I basically understand Fano's Inequality and what it's conclusion is. However, I don't understand the beginning of the proof. The textbook I am using does not explain why we show Fano's Inequality with $H(E,X|\hat{X})$. My question is, why is it not $H(E|X,\hat{X})$. I know $H(E|X,\hat{X})$ is zero but if I had to put it in a sentence I'd say
"$H(E|X,\hat{X})$ is the entropy of the error random variable $E$ given the actual value $X$ and it's estimate $\hat{X}$."
Yet, the proof goes
\begin{align*} H(E,X|\hat{X}) &= H(X|\hat{X}) + H(E|X,\hat{X}) \\ &= H(E|X) + H(X|E,\hat{X}) \\ \Rightarrow 1 + P_e \log_2 |\mathcal{X}| &\geq H(X|\hat{X}) \geq H(X|Y) \end{align*}
Based on the Markov triple
\begin{align*} X \rightarrow Y \rightarrow \hat{X} \end{align*}
Where we replace $Y$ by $E$.
Can somebody explain to me why it's starting off with $H(E,X|\hat{X})$? How do I know I have to "start" like this?
That's a typical trick, that we use when knowing something (say, $A$) elliminates all the uncertainty about something (say, $B$) - hence $$H(B\mid A)=0 \tag{1}$$
We write the chain rule: $H(A,B)=H(A \mid B) + H(B) = H(B \mid A) + H(A)$. We don't write this because we are really interested in the joint $H(A,B)$, only because this allows us to equate the two expressions on the right, so that one term vanishes and we get $$H(A)=H(B) + H(A \mid B) \tag{2}$$
In the Fano proof: in principle, $E$ has some uncertainty , and so has $E \mid \hat X$. But if we add to that the knowledge of the real value $X$ , then all uncertainity vanishes : hence we use the above, replacing $A$ by $X$ and $B$ by $E$, all preconditioned on $ \hat X$.

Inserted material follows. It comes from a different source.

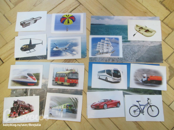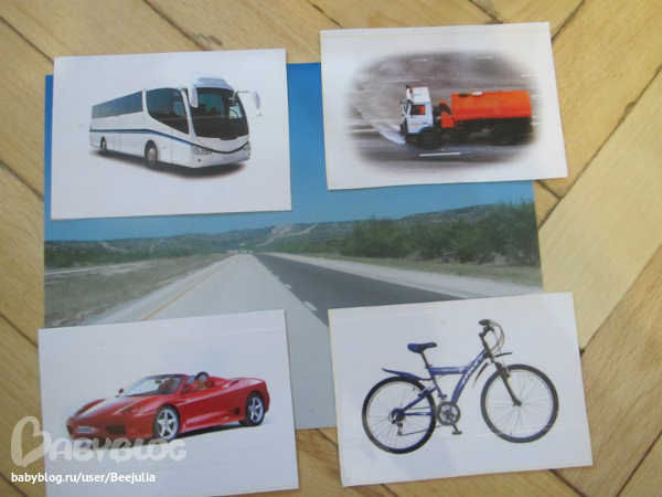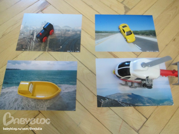 Распечатала фотки большого размера, которые стали нашим игровым полем. В основном пользуемся картинками, но и еще и фигурки расставляем. Хочу купить маленькие фигурки транспорта и тогда с ними играть.

That's why "we start" from $H(X,E|\hat{X})$
(Of course, there were other alternatives: we could have chosen the pair $\hat{X},X$ as the variable $A$, or even $\hat{X}$ with all conditioned on $X$. But that would not have been useful. The thing is that, in our scenario, $\hat{X}$ is always known, hence it makes sense to just put it in all the equations as a global conditioning variable).